WHAT YOU NEED TO DO: Your task is to write out every line of the data exactly. Drop the pictures.

DATA EXTRACT:
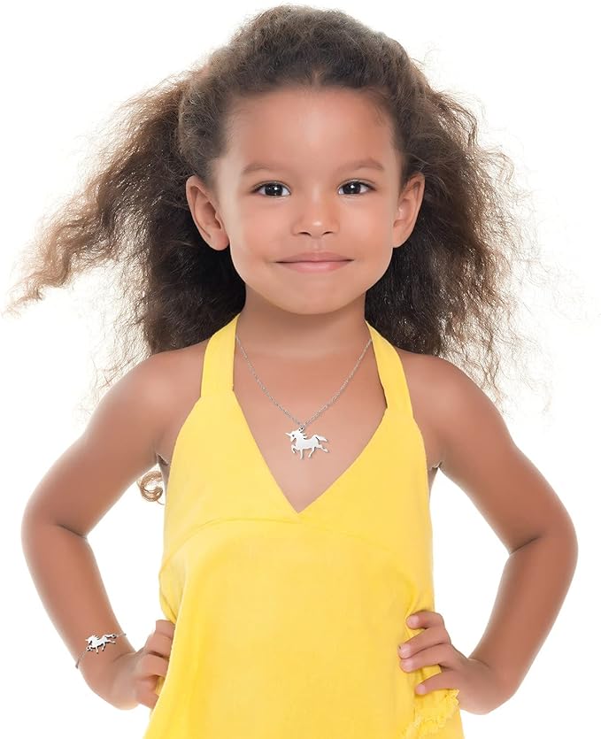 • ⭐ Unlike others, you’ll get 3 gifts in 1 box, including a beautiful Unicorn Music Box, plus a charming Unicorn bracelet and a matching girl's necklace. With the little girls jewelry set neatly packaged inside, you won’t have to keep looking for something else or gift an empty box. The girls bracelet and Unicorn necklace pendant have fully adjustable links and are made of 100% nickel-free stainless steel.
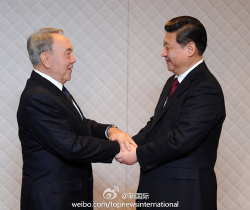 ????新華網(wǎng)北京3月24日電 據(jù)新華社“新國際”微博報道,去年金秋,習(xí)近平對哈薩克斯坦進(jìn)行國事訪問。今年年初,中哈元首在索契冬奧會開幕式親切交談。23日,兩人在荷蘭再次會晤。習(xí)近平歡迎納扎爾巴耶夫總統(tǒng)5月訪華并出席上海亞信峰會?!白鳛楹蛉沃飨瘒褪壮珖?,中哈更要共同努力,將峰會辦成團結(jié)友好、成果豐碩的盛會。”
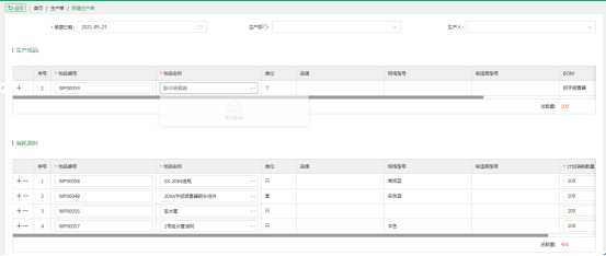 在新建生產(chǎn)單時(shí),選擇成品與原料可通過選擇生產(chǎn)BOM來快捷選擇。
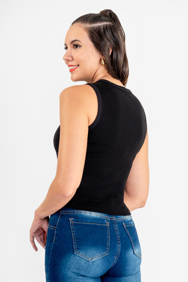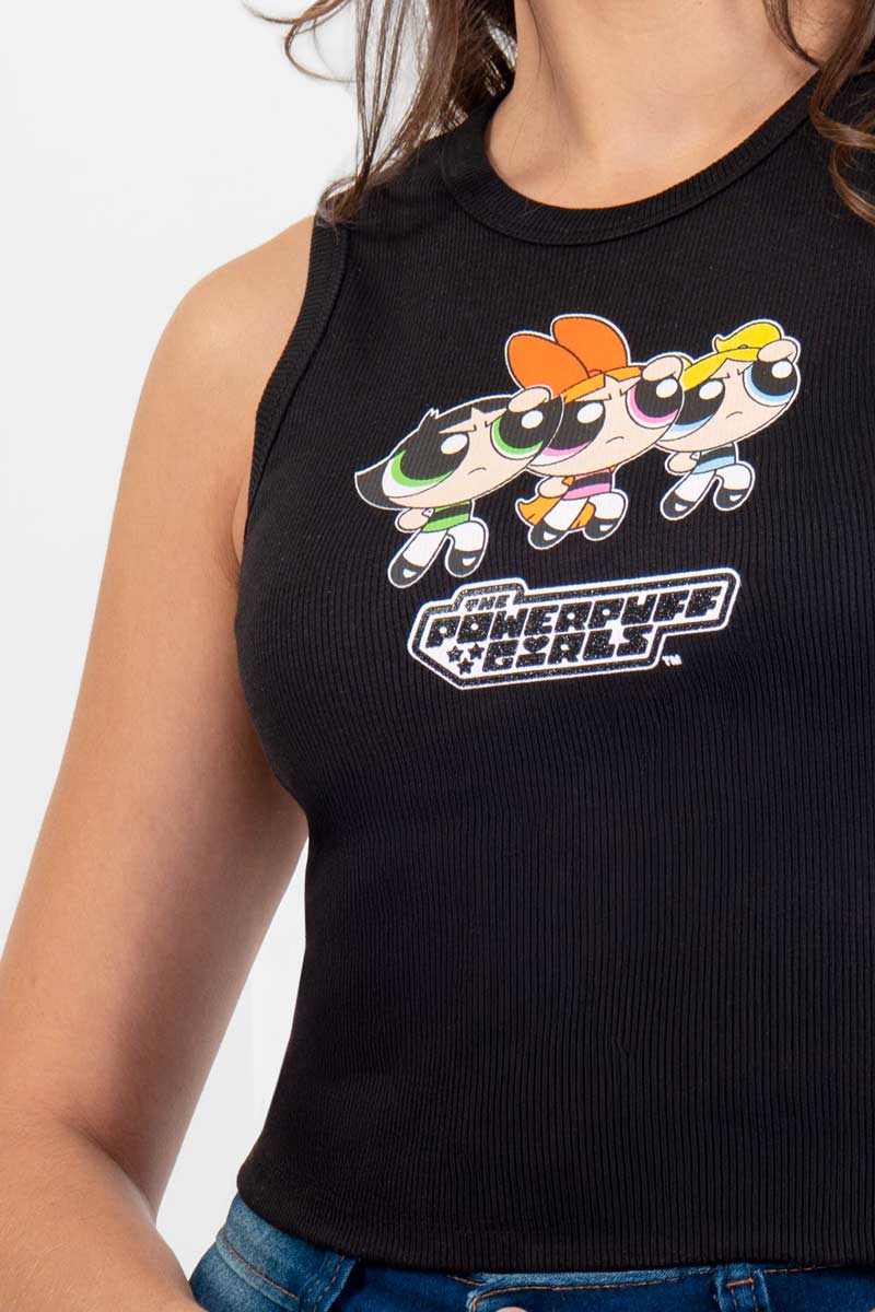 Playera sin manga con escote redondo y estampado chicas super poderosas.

RESULT:
 • ⭐ Unlike others, you’ll get 3 gifts in 1 box, including a beautiful Unicorn Music Box, plus a charming Unicorn bracelet and a matching girl's necklace. With the little girls jewelry set neatly packaged inside, you won’t have to keep looking for something else or gift an empty box. The girls bracelet and Unicorn necklace pendant have fully adjustable links and are made of 100% nickel-free stainless steel.
 ????新華網(wǎng)北京3月24日電 據(jù)新華社“新國際”微博報道,去年金秋,習(xí)近平對哈薩克斯坦進(jìn)行國事訪問。今年年初,中哈元首在索契冬奧會開幕式親切交談。23日,兩人在荷蘭再次會晤。習(xí)近平歡迎納扎爾巴耶夫總統(tǒng)5月訪華并出席上海亞信峰會?!白鳛楹蛉沃飨瘒褪壮珖?,中哈更要共同努力,將峰會辦成團結(jié)友好、成果豐碩的盛會。”
 在新建生產(chǎn)單時(shí),選擇成品與原料可通過選擇生產(chǎn)BOM來快捷選擇。
 Playera sin manga con escote redondo y estampado chicas super poderosas.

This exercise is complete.